Johns: His story's going to continue, and there are a lot of stories that will build off of it, too. I don't want to spoil everything, but we're spending a lot of time on the character, because the character's very important to us, and Superman, and the world, and the story we're telling. I can't really say much more than that.

Romita: To say that the character's going to be around forever would take away from the storyline. To say that he's a limited character would ruin the storyline. There's more to it -- it's a nice grey area.

Johns: Everyone working on this is such a pro. Everyone on it -- from [editor] Eddie Berganza to all of us, and [colorist] Laura Martin -- everyone's invested in making this the most high quality book we can possibly make. I couldn't be prouder of what we've done so far.

Romita: I just think, ultimately, [Superman is] a more difficult character to do, because of its storied history. That's my opinion as an artist. [Superman]'s been done to death, so to speak -- now, do something better than the guy before you. That's not easy to do.

Johns: This is issue #32, #33. We're not doing a #1. We don't have a hundred covers on our book.
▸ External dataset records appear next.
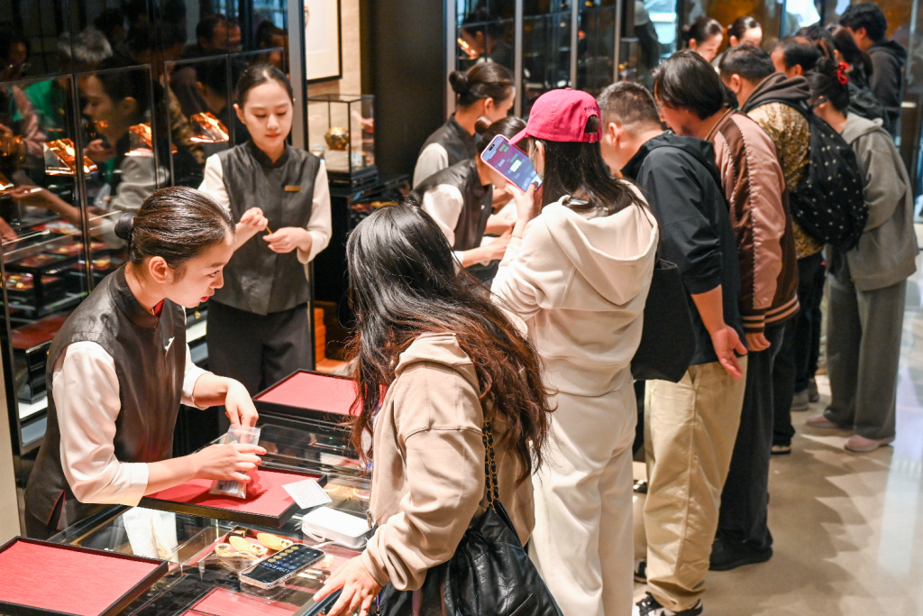 10月25日,老铺黄金上海恒隆广场店,顾客在挑选金饰品。澎湃新闻记者 朱伟辉 图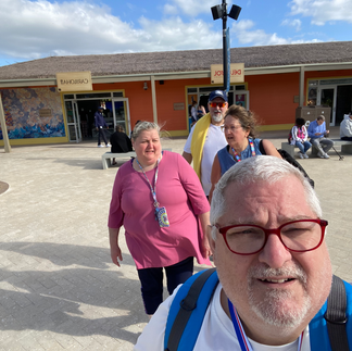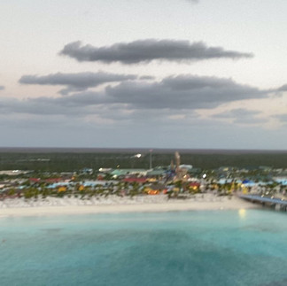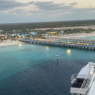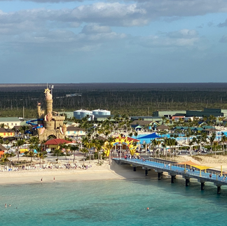 I woke up early around 6:38am to watch us pull into Celebration Keys and it was something. I got dressed and went outside to watch us pull in. You could see the big castle that has the water slides in it standing tall. It really wasn't warm but not as cold as what we left back in Norfolk. Celebration Keys is a new place that Carnival opened up in 2025 for their ships to dock and passengers to have a great time.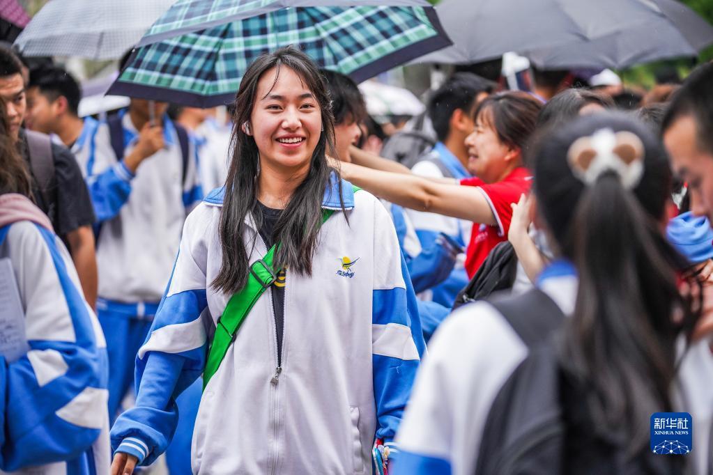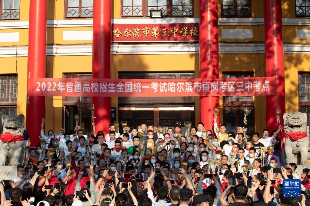 6月8日,在哈尔滨市第三中学考点,考生们走出考场。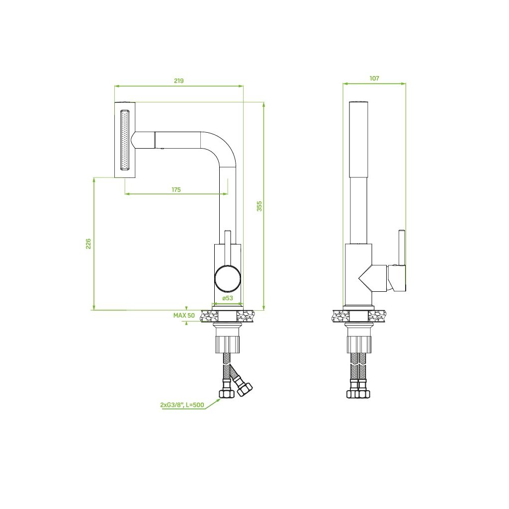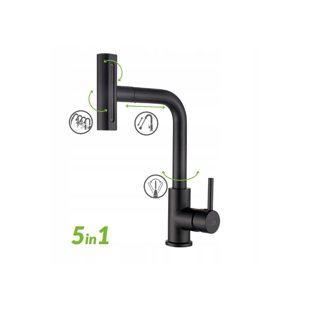 - Typ výtoku: otočný, výsuvný, 4-funkčný výtok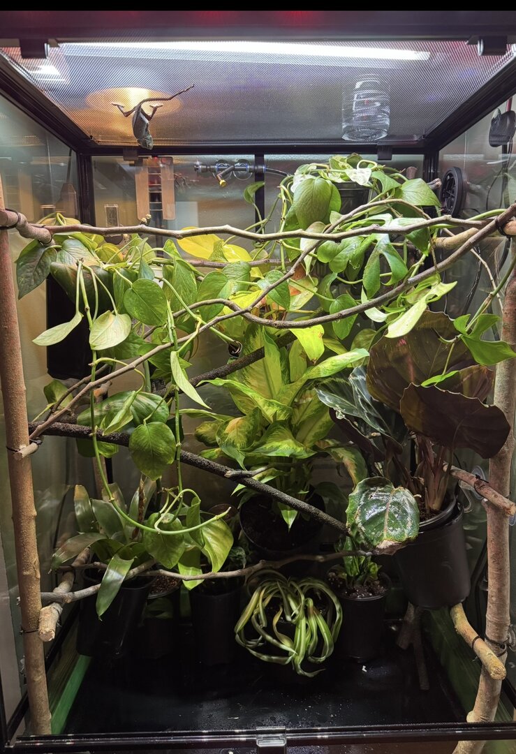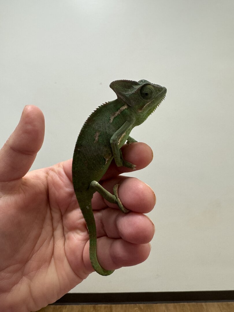 Hello, brand new chameleon owner here. I have a question regarding lighting & basking. I currently am using the Reptisun 5.0HO combo lamp and a 100W basking bulb for my 1 month (I think?) old chameleon. I am struggling to understand the requirements of these and how it all works together for my little guy Dexter. I keep reading about "basking" being under the UV bulb, but that is not the "basking bulb" I have purchased and set up. I know the basking bulb is to deliver heat, right? Is it not for basking as well? Does he need to bask under the UV bulb? In my set up, I have the basking bulb in the back, and the light is outside the cage, suspended up off the cage. It has a dimmer switch, so it is not all the way turned up. I have the a thermometer/hygrometer set up next to it and his basking temp. is set at 84 F. The Reptisun long lamp combo is in front of that basking bulb, so towards the front of the cage. It is resting on top of the cage. My concern is that he likes to climb up on the top of the enclosure ceiling and lay directly under the UV bulb. I don't want him to burn as that light is just above him on the screen (it doesn't give off heat, but UV burns). Is he trying to bask under the UVB instead of the basking bulb? I know he needs UV AND heat...so he needs all those lights. Should I try to suspend the UVB light bulb so he doesn't burn his toes & belly hanging upside down directly under it? Also worth noting: he stays pretty dark (especially when basking). When I tried to encourage him down from the ceiling, he didn't seem to budge, so I turned off the whole Reptisun unit for a few minutes and walked away. When I came back, he was off the ceiling and was a much more light green color--does that mean something? Thanks for any help as I am a newbie (5 days) with my guy!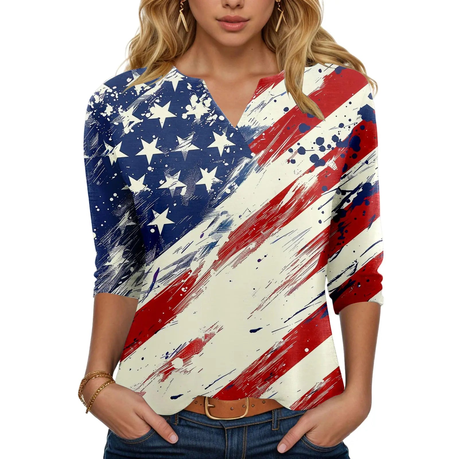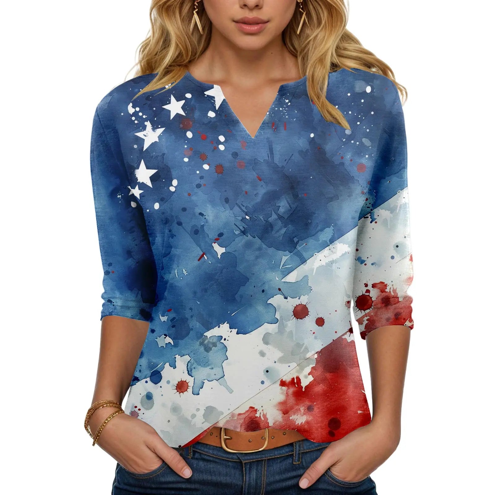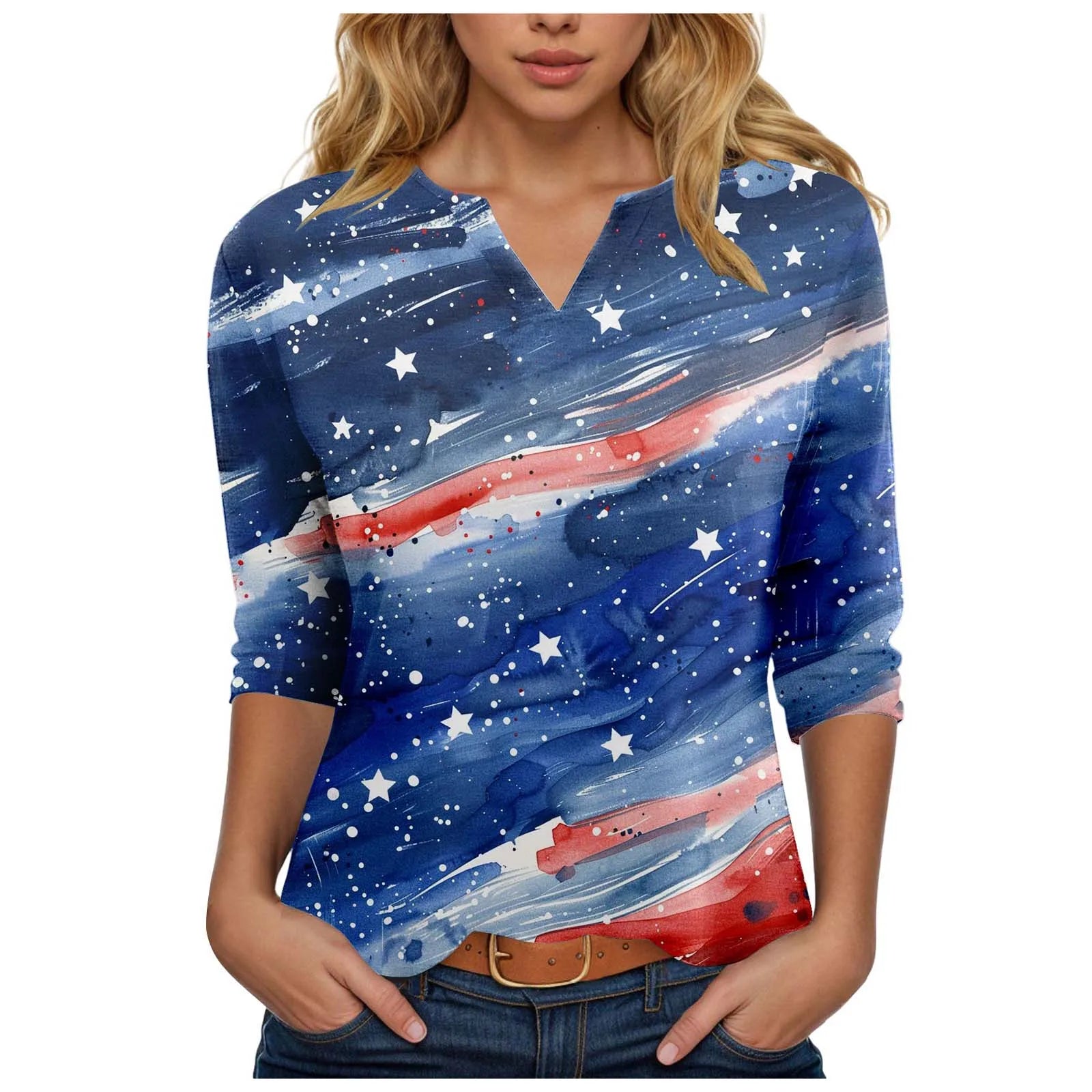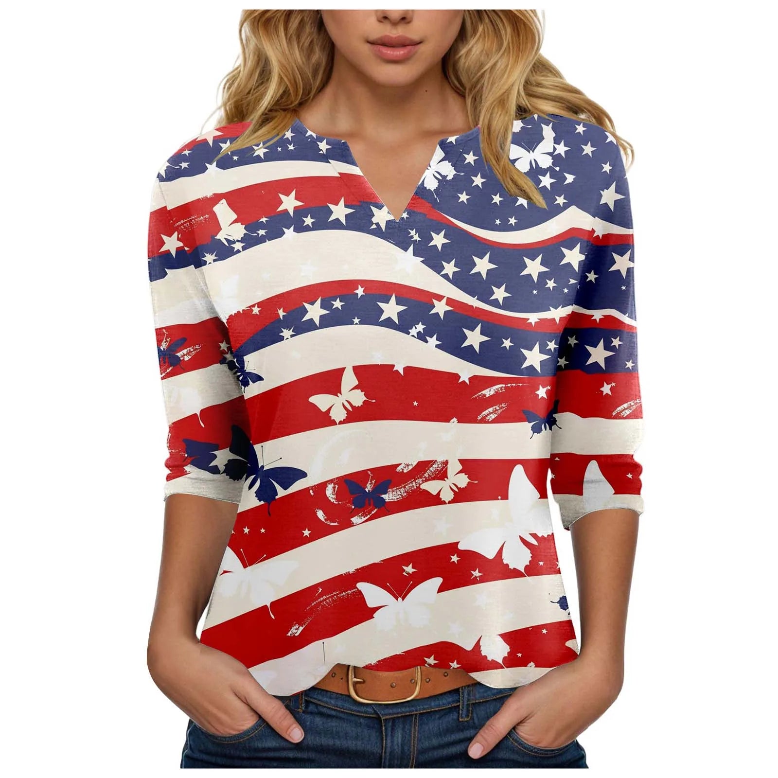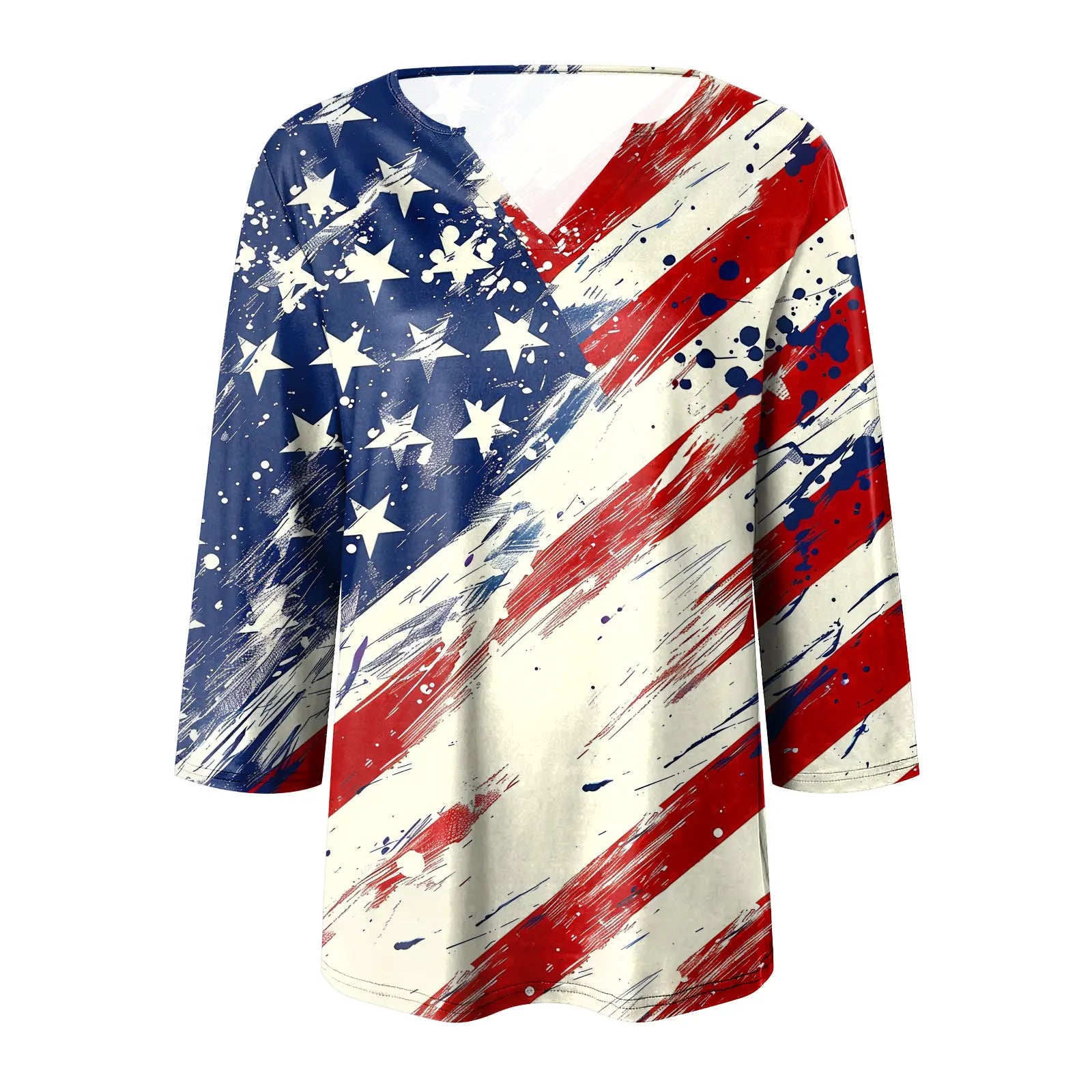 Celebrate freedom and fashion with this 2025 Independence Day Shirt for Women—a perfect blend of casual comfort and patriotic flair. Designed with a bold USA print graphic, this top features a flattering V-neckline and 3/4 length sleeves, ideal for warm-weather festivities and year-round American pride.

We really want to just do the "Superman" book. We want to do the best "Superman" book we can. We don't want to rely on gimmicks and tricks. We just want to rely on the quality of the book.

You've all done a wide variety of different things in your career -- written and drawn a lot of major projects -- and are now on the longest-running superhero. Among a number of people in the comics industry, there's a notion that creators should focus on new things, new ideas. The three of you are investing heavily with your time and effort in Superman, and doing new stories.

Johns: And new characters. When we sat down and talked, we were like, "We don't want to do another Brainiac story." We're introducing Ulysses and The Machinist, and the mysterious character that's been watching Superman. We've got a lot of new stuff, and that's what we wanted to bring to the book. If we're going to do Superman, let's make sure we stay true to the core and utilize the best of the core -- but also, it's got to feel new. We've got to have new characters. They have no idea where we're going to go with this story, and that's good.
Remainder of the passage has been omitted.